Five ways to put God first with your spouse
When we think of a bride, our minds go to a young woman on her wedding day. She’s walking down the aisle to her future husband, and everything about her is pure and beautiful.
Crazy as it might sound, that’s the picture the Bible uses to describe the relationship between Jesus and the church. When we are putting God first in our marriages, they become a picture of how Jesus loves us (Ephesians 5:25-33).
At times, it’s easier to assume the other person knows how much we love and appreciate them rather than show them. But that’s not what Jesus did. Jesus sacrificed for us because He wants the best for us. He nurtures and cherishes us, drawing us closer to the Father. That’s the same opportunity we have with our husband and wives.
When we take intentional, real-life actions to pursue our spouses, we’re putting God first in our hearts because we’re loving them the way that He designed. Here are five practical ways to put this principle into practice.
1. Share the load.
Ecclesiastes 4:9 says, “Two are better than one, because they have a good return for their labor.” Like most couples, my husband and I find that some chores come more easily to one of us than the other. And some chores are more dreaded by one of us than the other.
We weren’t designed to do everything on our own. In fact, we’re at our strongest when husbands, wives, and God are operating in unity. “A cord of three strands is not quickly broken” (Ecclesiastes 4:12).
Not only do we get a better return when my husband and I work together, we experience greater intimacy. When my husband does my most dreaded chore (the dishes), I feel appreciated and loved. It’s a relief to see a sparkling clean sink at the end of the night, and know I can relax instead of scrubbing my night away.
2. Let them know you appreciate them.
1 Thessalonians 5:11 tells us to “encourage one another and build one another up.” When I make my husband’s lunch in the morning, I leave him a note thanking him for working hard and providing the life we have. These notes are never long or fancy. Most times, they’re written on our realtor’s 2x2 notepad. But they are always heartfelt.
I didn’t think the notes amounted to much until I cleaned out his lunchbox one day.

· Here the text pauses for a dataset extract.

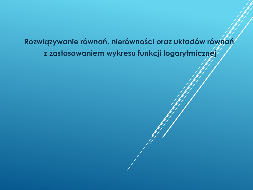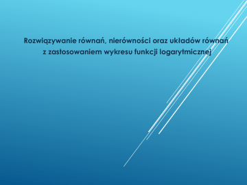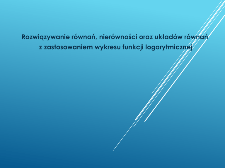 Rozwiązywanie równań, nierówności oraz układów równań z zastosowaniem wykresu funkcji logarytmicznej Cele. Uczeń: potrafi przekształcać wykresy funkcji logarytmicznych (SOX, SOY, S(0,0), przesunięcie równoległe o dany wektor); potrafi graficznie rozwiązywać równania, nierówności oraz układy równań z zastosowaniem wykresów funkcji logarytmicznych; Przykład 1 Zadanie 1.124 Naszkicuj wykres funkcji 𝑓(𝑥) = −𝑙𝑜𝑔3 (𝑥 + 2). a) Podaj dziedzinę funkcji/. b) Oblicz wartość funkcji 𝑓 dla argumentu 25. c) Sprawdź, czy do wykresu funkcji/należy punkt 𝐴 = 2, 𝑙𝑜𝑔3 1 − 2 2 Zadanie 1.124 Naszkicuj wykres funkcji 𝑓(𝑥) = −𝑙𝑜𝑔3 (𝑥 + 2). Zadanie 1.125 Naszkicuj wykres funkcji 𝑓(𝑥) = 𝑙𝑜𝑔1 (𝑥 + 3) − 1. 3 a) Podaj dziedzinę funkcji 𝑓 b) Oblicz współrzędne punktu wspólnego wykresu funkcji 𝑓 i osi OY. c) Oblicz wartość funkcji dla argumentu 6. Odczytaj wykresu, dla jakich argumentów wartości funkcji/są większe od −3. Zadanie 1.126 Na poniższym rysunku przedstawiono wykres funkcji 𝑦 = 𝑔(𝑥), który powstał w wyniku przesunięcia równoległego wykresu funkcji logarytmicznej 𝑓(𝑥) = 𝑙𝑜𝑔2 𝑥 o wektor a) Napisz wzór funkcji g. b) Upewnij się, wykonując obliczenia, że punkty 𝐴(2, −3), 𝐵(3, −2), 𝐶(5, −1) oraz 𝐷(9, 0) należą do wykresu funkcji g, a następnie odczytaj z wykresu: * dla jakich argumentów funkcja g przyjmuje wartości z przedziału (−3, −1) * dla jakich argumentów wartości funkcji g są mniejsze od −2 * dla jakich argumentów wartości funkcji g są dodatnie. → = [1, −3]. 𝑢 Zadanie 1.135 Rozwiąż graficznie równanie a) 𝑙𝑜𝑔2 𝑥 − 1 = 4 − 𝑥 Zadanie 1.136 Rozwiąż graficznie nierówność 𝑎) 𝑙𝑜𝑔2 𝑥 − 2 − 1 ≥ 4𝑥 − 𝑥 2

My husband had saved every note and stuffed them in all the pockets.
3. Spend uninterrupted time together.
Psalm 73:28 says, “for me it is good to be near God; I have made the Lord God my refuge, that I may tell of all your works.”One-on-one time builds intimacy. That’s true in our relationships with the Lord and it’s true in our relationships with our spouses.

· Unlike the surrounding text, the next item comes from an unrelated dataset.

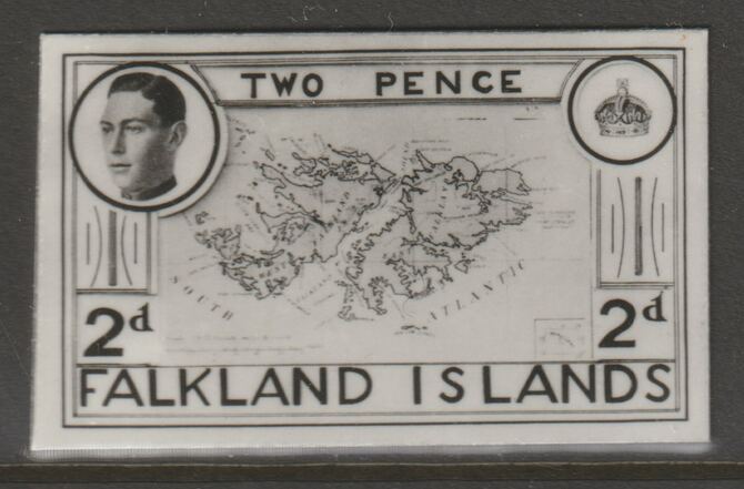 Falkland Islands 1936 KE8 2d Map of the Islands stamp-sized B&W photographic essay showing three-quarter portrait of Edward 8th, unissed due to abdication

As parents, it can be difficult to get a night out to ourselves. Our toddler is not a bother to us, and we often feel guilty leaving him out of the fun. But recently we had a night out just the two of us, and on the way home, my husband said, “I never knew how much we needed this!”
We didn’t realize how much we missed each other until we were together. It wasn’t the three-course meal or the hockey game that made us feel connected, but the uninterrupted one-on-one time!
4. Don’t shy away from showing affection.
God is not a prude or a moody teenager. He’s not grossed out when husbands and wives show affection. Proverbs 5:18-19 tells us the opposite is true, “Let your fountain be blessed, and rejoice in the wife of your youth, a lovely deer, a graceful doe.”
Our spouses are a gift from God, and He delights when we delight in each other. Showing affection doesn’t have to mean being touchy-feely. It took me a long time to know the difference, but affection is simply a gentle feeling of fondness or liking.
When we take deliberate time to show obvious affection towards one another our relationship blossoms. A sweet smile, a warm hug, or even a gentle touch of the hand lets us both know how we are feeling inside. It’s not something to forget as the lack of it can have the opposite effect.
5. Give your spouse a free pass.
Bad days are inevitable. When one of us comes home from a bad day and says things that should be left unsaid, we’ve decided to give that spouse space before reacting — even when we want to show the other who’s boss or snap back.
Ephesians 4:2-3 reminds us to, “Be completely humble and gentle; be patient, bearing with one another in love. Make every effort to keep the unity of the Spirit through the bond of peace.” A few lines later, the writer re-emphasizes this instruction saying, “Be kind and compassionate to one another, forgiving each other, just as in Christ God forgave you” (Ephesians 4:32).
When we choose love and forgiveness in the toughest situations, the upset spouse usually apologizes shortly after the initial outburst. It brings us closer together and teaches us to have more compassion toward each other moving forward.
When we deserved death, Jesus gave us a new life (Romans 6:23). When we were filled with sin and shame, He gave us purpose and protection (Proverbs 19:21). Each day, His endless provision and love renew our spirit. And the best news of all is that God never counts the free passes He gives to us. He’s eager to bless us!
What a beautiful picture of the Gospel when we love our spouses the way God loves us — patiently, sacrificially, and joyfully (1 Corinthians 13:4-7).